Antisemitism in the West is out in the open, not hiding in plain sight

The antisemitism that once hid behind a fig leaf of anti-Israel sentiment has largely shed this pretense. Antisemites are now comfortable being open about their hatred.

A visitor views a makeshift memorials outside the Tree of Life synagogue  in Pittsburgh, in 2018. (photo credit: ALAN FREED/REUTERS)
A visitor views a makeshift memorials outside the Tree of Life synagogue in Pittsburgh, in 2018.
(photo credit: ALAN FREED/REUTERS)
For several years, Christians United for Israel (CUFI) has been deeply concerned that antisemitism was hiding in plain sight in the US and Europe. We’ve worked to sound the alarm and advance policies in Washington that combat this abomination. But in recent months we have seen that those Westerners who hate Jews no longer feel the need to hide.
The antisemitism that once hid behind a fig leaf of anti-Israel sentiment has largely shed this pretense. Antisemites are now comfortable being open about their hatred. And they are acting on it in the most horrific and violent ways. They are no longer hiding. They are here and their mask has been discarded.
In just a few short years, antisemitism went from taboo to chic. On college campuses across the country hatred for both the Jewish state and the Jewish people is not simply accepted, it is often expected from those who seek to don the post-patriotic and post-religious cap and gown. Likewise, antisemites from the fringe Right and Left have found favor and followings across the West – from small communities to the halls of Congress.

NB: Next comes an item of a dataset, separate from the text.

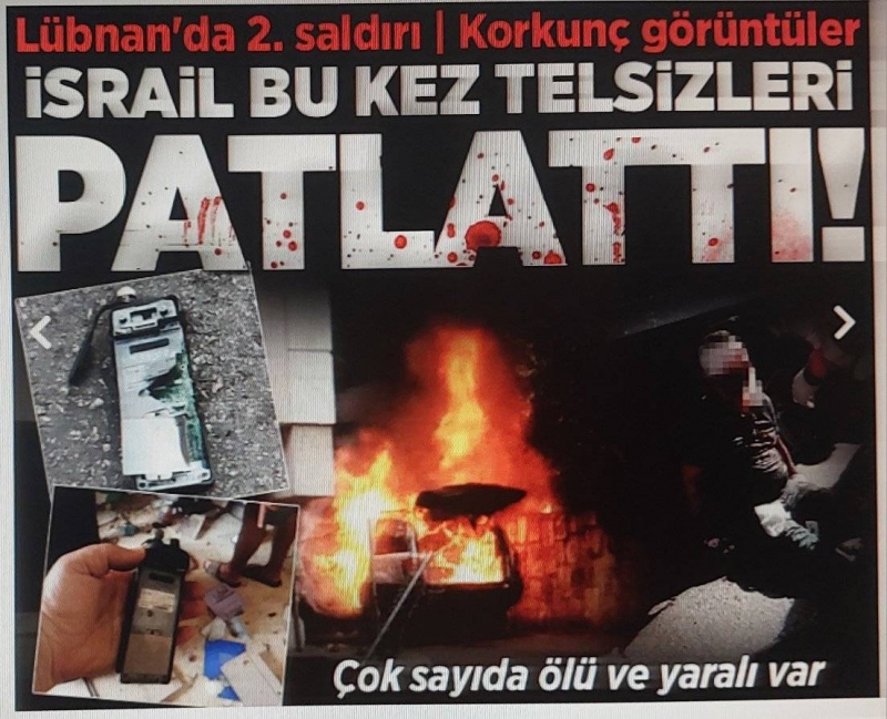 Dün Lübnan genelindeki binlerce çağrı cihazının patlaması nedeni ile 9 kişi hayatını kaybetti, Hizbullah misilleme sözü verdi. ABD medyası cihazlardaki tuzağın daha önce kurulduğunu ve Hizbullah'ın "tuzağı" fark edebileceği endişeyle İsrail Başbakanı Binyamin Netanyahu'nun yanı sıra üst düzey askeri ve istihbarat yetkililerinin bu cihazların patlatılmasına karar verdiğini iddia etti. Dünkü saldırının yanı sıra bugün de Hizbullah ait yaklaşık 500 çağrı cihazı patladı. Saldırının ardından 3 kişinin öldüğü, en az 100 kişinin yaralandığı açıklandı.

This is the world that leaders meeting this week in Israel must confront. Likewise, as allies in the fight against antisemitism, we must acknowledge the problem and seek ways to solve it.
At its core, the spread of antisemitism is enabled by ignorance. A 2018 study found that while a majority of Americans “believe something like the Holocaust could happen again,” nearly a third of Americans and more than 40% of millennials “believe that substantially less than 6 million Jews were killed (two million or fewer) during the Holocaust,” and nearly half of millennials cannot name a single concentration camp.
The adage that “those who do not learn history are doomed to repeat it” is sadly being proven accurate.
It is with this in mind that several months ago CUFI set out to educate a new generation about the history and horrors of antisemitism. Today, we are announcing that we are in the end stages of producing a feature length documentary film, “Never Again?”
From Dr. Deborah Lipstat, to ambassador Michael Oren, to Rabbi Jonathan Sacks, this film gets to the heart of the issue and confronts the consequences of antisemitism. As a result, viewers, who will be guided on this journey by a Holocaust survivor and a former radical Islamist, will learn about the dark history of this scourge and come to understand why all of us, regardless of faith or political persuasion, have a holy and solemn responsibility to keep the promise of Never Again.
We must fight against the rising tide of antisemitism sweeping across the West. We must confront the antisemites, regardless of their stated rallying cry, wherever and whenever we find them. And above all, we must educate the next generation about the perils and horrific consequences of this hatred.
Pastor John Hagee is the founder and chairman of Christians United for Israel.